Indeed, at this moment she was putting to pagan uses and misinterpreting the dictum of the Gospel: "If thy right eye offend thee, pluck it out." She was wilfully closing her heart against every dictate of sentiment or of motherhood. As she would have been ready—and more than ready—to risk her own life for the sake of her cause, so was she willing to throw into the balance of her King's cause the safety of a man who happened to be in the way, even if at the same time he happened to be her son.

And Leroux, the servile tool in the nefarious work, knew exactly what was passing in the proud lady's mind: he knew that she had understood the covert hint which he had thrown out, and that by her very silence she had acquiesced in his schemes.

He had no intention of relinquishing the ten thousand francs which had been offered him because of that obstacle which he was more than ready to sweep out of his path. Murderer, incendiary, thief, jail-bird and convict!—what was a crime more or less upon the conscience of such a man? Nor did he feel the slightest respect for these people who had bribed him to do a monstrous treachery. Brute as he was, he was shrewd enough to look upon them as his equals in villainy, and to realize that they had far more to gain by the iniquitous deed which he contemplated than he had himself.

And for a while there was silence in the room while this man and this woman—the jail-bird and the high-born lady—looked straight into one another's eyes and tacitly sealed a bond of fraternity between them. The measured ticking of a clock upon the mantelpiece marked the passage of time which separated this unspoken and monstrous compact from its fulfilment by and by. A bundle of papers beneath Madame's hand rustled with weird persistency, and suddenly Leroux gave a laugh, throwing back his head and showing his ugly yellow teeth, and he shrugged his shoulders and spat once more on the carpet ere he queried with contemptuous familiarity:

"Then our plans are as they were—eh?"

"As they were," replied Madame.

The man turned on his heel and started whistling the old "Ça ira" of Revolution times through his teeth.

"Ça ira! Ça ira! Les aristos à la lanterne!"

His hand was already on the handle of the door, when he looked once more over his shoulder and said roughly:

"Your people are not going to leave me in the lurch, I suppose?"

"That is out of the question," replied Madame coldly.

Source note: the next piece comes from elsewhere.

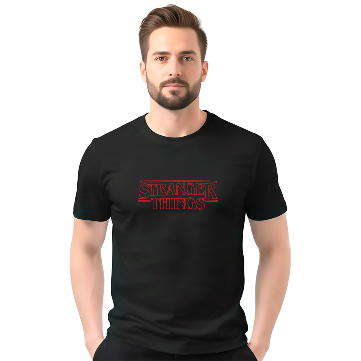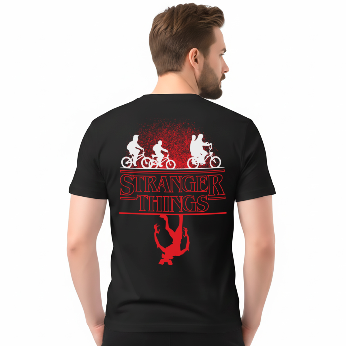 Muška crna majica sa motivom ‘Stranger Things’, idealna za ljubitelje serije i urbanog stila.

"Because you know, my good woman," he said, still over his shoulder, as he opened the door and stepped across the threshold, "if the Maréchal gives us trouble to-night and your people fail us afterwards, it will mean hanging for some of us."

He looked at Madame and nodded with studied insolence by way of farewell. But she seemed to have forgotten his presence already. She sat upright and stiff in the high-backed chair, the silk of her gown falling in rigid folds around her, the darkness of her attire relieved by a white scarf round her shoulders. Her face was set and pale beneath the hard line of her white hair dressed in the mode of the past generation, her eyes stared, unseeing, before her. Leroux laughed once more—it was the scornful laugh of a hardened criminal for what he termed a white-livered beginner. Once more he shrugged his shoulders, then with a final muttered imprecation he stalked out of the hall.